Tuning was run using `v1.1.3` of `TaijaData`. The follow-up version `v1.1.4` introduced an option to split real-world tabular datasets into train and test set, ensuring that pre-processing steps like standardization is fit on the training set only. If you are rerunning the tuning experiments with a version of `TaijaData` that is higher than `v1.1.3`, than for the default parameters specified in the configuration files, you may end up with slightly different results, although we would not expect any changes in terms of qualitative findings. For exact reproducibility, please use `v1.1.3`.

:::

### Key Parameters {#sec-app-tune}


In [None]:
grid_dir = joinpath(res_dir, "tune/mlp")
data_dirs = readdir(grid_dir) |> x -> joinpath.(grid_dir, x) |> x -> x[isdir.(x)]
eval_grids = (p -> EvaluationGrid(joinpath(p,"grid_config.toml"))).(data_dirs)
data_names = basename.(data_dirs)
ce_suffix = "evaluation/results/ce/lambda_energy_reg---decision_threshold_exper---lambda_energy_eval---lambda_energy_reg---decision_threshold_exper/"
logs_suffix = "evaluation/results/logs/objective---decision_threshold---lambda_energy_reg/"

The hyperparameter grid for tuning key parameters is shown in @nte-tune-train. The corresponding evaluation grid used for these experiments is shown in @nte-tune-eval.

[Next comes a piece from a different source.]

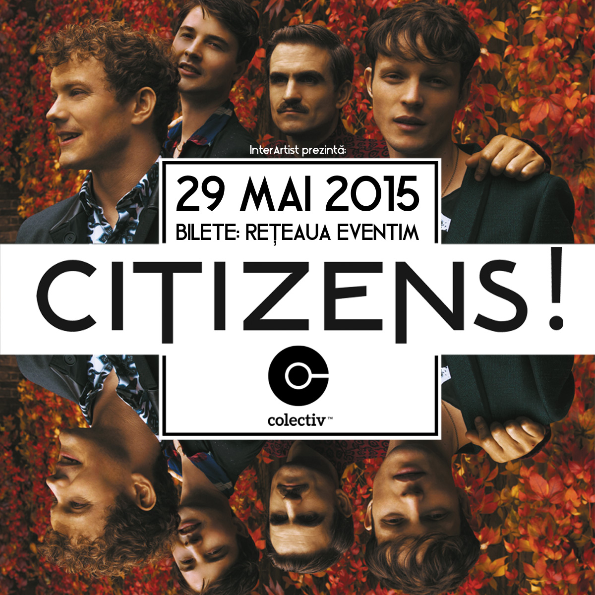 Noi vă invităm pe toți la petrecerea semnată Citizens! de la Bucureşti, ce va avea loc vineri 29 mai 2015, în clubul Colectiv (Str. Tăbăcarilor nr. 7, Sector 4, fosta fabrică Pionierul). Biletele la concert au prețul de 55 lei. În seara evenimentului, la intrarea în club, biletele vor costa 65 lei. Biletele sunt disponibile în rețeaua Eventim: online la http://bit.ly/citizens-colectiv .

::: {#nte-tune-train .callout-note}

## Training Phase


In [None]:
#| output: asis
dict = CTExperiments.from_toml(joinpath(grid_dir, "lin_sep/grid_config.toml")) 
println(CTExperiments.dict_to_quarto_markdown(dict))

:::

::: {#nte-tune-eval .callout-note}

## Evaluation Phase


In [None]:
#| output: asis
dict = CTExperiments.from_toml(joinpath(grid_dir, "lin_sep/evaluation/evaluation_grid_config.toml"))
println(CTExperiments.dict_to_quarto_markdown(dict))

:::

#### Plausibility


In [None]:
#| output: asis

fig_label_prefix = "tune-plaus"
fig_labels = (nm -> "fig-$(fig_label_prefix)-$nm").(data_names)
_str = "The results with respect to the plausibility measure are shown in @$(fig_labels[1]) to @$(fig_labels[end])."
println(_str)

In [None]:
#| output: asis
 
imgfname = "plausibility_distance_from_target.png"
fig_caption = "Average outcomes for the plausibility measure across key hyperparameters."
full_paths = joinpath.(data_dirs, joinpath(ce_suffix,imgfname))
include_img_commands = CTExperiments.get_img_command(data_names, full_paths, fig_labels; fig_caption) 
_str = join(include_img_commands, "\n\n")
println(_str)

#### Proportion of Mature CE


In [None]:
#| output: asis

fig_label_prefix = "tune-mat"
fig_labels = (nm -> "fig-$(fig_label_prefix)-$nm").(data_names)
_str = "The results with respect to the proportion of mature counterfactuals in each epoch are shown in @$(fig_labels[1]) to @$(fig_labels[end])."
println(_str)

In [None]:
#| output: asis
 
imgfname = "percent_valid.png"
fig_caption = "Proportion of mature counterfactuals in each epoch."
full_paths = joinpath.(data_dirs, joinpath(logs_suffix,imgfname))
include_img_commands = CTExperiments.get_img_command(data_names, full_paths, fig_labels; fig_caption) 
_str = join(include_img_commands, "\n\n")
println(_str)